Can You Deduct Mortgage Interest?

Can You Deduct Mortgage Interest?Yes — but only if you itemize deductions on your federal tax return. The home mortgage interest deduction remains one of the most valuable tax breaks for U.S. homeowners in 2026, provided you meet IRS rules on qualified loans, debt limits, and proper use of proceeds.

This guide explains exactly who qualifies, the current limits for 2025 and 2026 tax years, what counts as deductible interest, and how to claim it — all based on the latest IRS Publication 936 (for 2025 returns) and related tax law updates.

What Is the Mortgage Interest Deduction?

The mortgage interest deduction lets you subtract the interest you paid on a qualified home loan from your taxable income. It applies to interest on mortgages, second mortgages, and certain home equity debt — but only when the loan is used to buy, build, or substantially improve your home.

You must itemize deductions on Schedule A (Form 1040) to claim it. The deduction does not apply if you take the standard deduction.

Who Can Claim the Mortgage Interest Deduction in 2026?

You qualify if you meet these three basic IRS tests:

  • You file Form 1040 or 1040-SR and itemize deductions on Schedule A.
  • The mortgage is a secured debt on a qualified home (your main home or a second home).
  • You have an ownership interest in the home.

Both you and the lender must intend that the loan be repaid. Married couples filing jointly can combine their limits.

Current Mortgage Interest Deduction Limits (2025–2026 Tax Years)
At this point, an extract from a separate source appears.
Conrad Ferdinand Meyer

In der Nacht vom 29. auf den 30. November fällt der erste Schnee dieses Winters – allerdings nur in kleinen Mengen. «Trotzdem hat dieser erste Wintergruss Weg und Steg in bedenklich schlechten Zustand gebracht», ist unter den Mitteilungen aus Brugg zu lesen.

The limits depend on when you took out the mortgage:

  • Loans incurred before December 16, 2017 (grandfathered debt): You can deduct interest on up to $1 million of debt ($500,000 if married filing separately).
  • Loans incurred after December 15, 2017: You can deduct interest on up to $750,000 of debt ($375,000 if married filing separately).

These dollar limits apply to the combined mortgages on your main home and second home. The $750,000 cap is now permanent thanks to the One Big Beautiful Bill Act (signed 2025), eliminating the previous sunset date.

Important: Interest on debt above these limits is generally not deductible.

What Counts as a Qualified Home and Deductible Interest?

A qualified home includes a house, condo, cooperative, mobile home, house trailer, or boat with sleeping, cooking, and toilet facilities.

Deductible interest must be home acquisition debt — meaning the loan proceeds were used to buy, build, or substantially improve the home that secures the loan.

  • Home equity loans and HELOCs: Interest is deductible only if the funds were used to buy, build, or substantially improve the home securing the loan. Personal-use proceeds (e.g., vacations, debt consolidation) do not qualify.
  • Refinances: Only the portion used for acquisition, construction, or substantial improvement qualifies.
  • Points: Prepaid interest (points) paid at closing may be fully deductible in the year paid or amortized over the life of the loan.

Private mortgage insurance (PMI) premiums are no longer separately deductible for 2025 returns (per IRS Publication 936). Some 2026 updates under new legislation may treat qualifying PMI as deductible interest — check IRS.gov for your filing year.

How to Claim the Mortgage Interest Deduction?

  1. Receive Form 1098 — Your lender sends this by January 31. Box 1 shows mortgage interest (and points) paid during the year.
  2. Enter on Schedule A:
    • Line 8a: Interest and points reported on Form 1098.
    • Line 8b: Other deductible home mortgage interest not on Form 1098.
    • Line 8c: Points not on Form 1098.
  3. Use the Worksheet in Publication 936 if your total debt exceeds the limits or you have mixed-use loans.

File electronically or use tax software — it will guide you through the calculations automatically.

Common Scenarios and Limitations

  • Second homes: Fully allowed within the debt limits.
  • Rental properties: Interest is deducted on Schedule E as a rental expense (not as an itemized deduction).
  • High-balance mortgages: You can still deduct a percentage of interest if your loan exceeds the limit (see IRS worksheet in Pub 936).
  • Married filing separately: Halved limits apply ($375,000 or $500,000 depending on loan date).
  • Itemizing vs. standard deduction: For 2025, the standard deduction is roughly $15,000 (single) and $30,000 (joint). Many homeowners no longer itemize unless they have significant mortgage interest, property taxes, or charitable gifts.

Tax Tips to Maximize Your Deduction

  • Keep excellent records of loan proceeds and how they were used.
  • Refinance strategically — only new acquisition debt qualifies under the limits.
  • Consider bunching deductions in years when you exceed the standard deduction.
  • Consult a tax professional if you have a home office, rental portion, or complex refinancing.

Always refer to the official IRS Publication 936 (Home Mortgage Interest Deduction) for your specific situation. The rules are current as of the 2025 tax year filing season in 2026.

Bottom line: Most U.S. homeowners with mortgages under the debt limits can still deduct their mortgage interest in 2026 — as long as they itemize and follow the qualified-use rules. Run the numbers with your tax software or a CPA to see exactly how much you’ll save this year. For the latest forms and publications, visit IRS.gov.